Oil prices won’t rise much further over the next year and a half as demand growth slows and refiners comfortably meet gasoline consumption, according to the world’s largest independent oil-trading house.
“I cannot see the market really roaring ahead,” Vitol Group of Cos. Chief Executive Officer Ian Taylor told Bloomberg Television in an interview. “We have a lot of oil in the system and it will take us considerable time to work that off.”
Since rallying from a 12-year low of $27.10 a barrel in January, Brent crude has been hovering around $50 a barrel for the last month. The international benchmark will probably end the year “not too far away from where we are today” and rise to about $60 by the end of 2017, Taylor said.
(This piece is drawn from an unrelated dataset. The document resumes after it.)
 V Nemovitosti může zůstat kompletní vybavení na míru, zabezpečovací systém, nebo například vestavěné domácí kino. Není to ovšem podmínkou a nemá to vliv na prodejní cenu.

The forecast, which coincides with a similar view from Goldman Sachs Group Inc., would mean oil-rich countries and the energy industry face a prolonged period of low prices, more akin to the 1986 to 1999 downturn than the swift recovery after the 2008 financial crisis. Vitol trades more than 6 million barrels a day of crude and refined products — enough to cover the needs of Germany, France, Italy and Spain together — and its views are closely followed in the energy market.
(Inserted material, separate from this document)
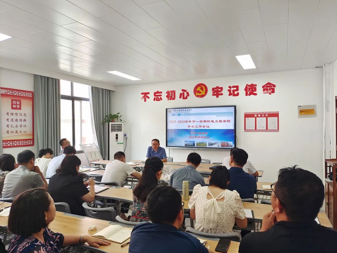启航新学期,开启新征程。为全面部署推动新学期各项工作规范有序进行,9月1日下午,机电工程学院在A212教室召开2023年秋季学期教学工作会议,学院党总支书记张亮、院长黄双成、副院长李凤银、副书记耿丽敏及全体教师参加了本次会议。

Taylor, who has traded oil for nearly four decades, said one-off factors, including supply disruptions and stronger-than-expected demand growth, helped to tighten the market in the first half, lifting prices.
Demand Growth
“We probably expect demand growth to be slightly less in the second half of the year,” he said. “There is a little less pull from the Far East” and basic Chinese refineries, known as teapots, seem well satisfied after having “overbought” crude in the first months of the year, he said.
The summer driving in the U.S. may not be so bullish for oil because “the refinery system of the world has clearly been able to make enough gasoline, and the gasoline stocks are healthy,” Taylor said.
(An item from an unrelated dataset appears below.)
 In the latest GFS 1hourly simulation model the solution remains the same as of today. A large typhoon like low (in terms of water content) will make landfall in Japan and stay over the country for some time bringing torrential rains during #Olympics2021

U.S. wholesale gasoline futures for August delivery — traditionally the peak of the driving season — traded at $1.50 a gallon in New York at 12:01 p.m. Monday, below the price for futures to delivery in September, suggesting current supplies are plentiful. “We don’t see any shortages of gasoline,” Taylor said.
Supply Disruptions
At the same time, “most of the disruptions are beginning to correct themselves,” such as wildfires that halted Canadian output, Taylor said.
The oil price outlook is unlikely to change significantly in 2017 as supply from new oilfields, including the super-giant Kashagan in Kazakhstan and others in the U.S. Gulf of Mexico, offset production drops elsewhere, Taylor said. The wild card for next year is U.S. shale supply, which appears to have reached a bottom, but it’s too early to say whether growth will resume.
U.S. oil production was hit hard by the plunge in oil prices after the Organization of Petroleum Exporting Countries diverged from its traditional policy of adjusting supply to manage prices, announcing in late 2014 that it would maintain output to defend its position in the market. The nation pumped 8.6 million barrels a day last month, down from a peak of 9.6 million in June 2015.
Vitol, which celebrates its 50th anniversary this year and is owned by its employees, didn’t made as much money in the first half of the year as in the same period in 2015, Taylor said. It earned $1.6 billion last year, the most since 2011, as it profited from price swings in the energy market.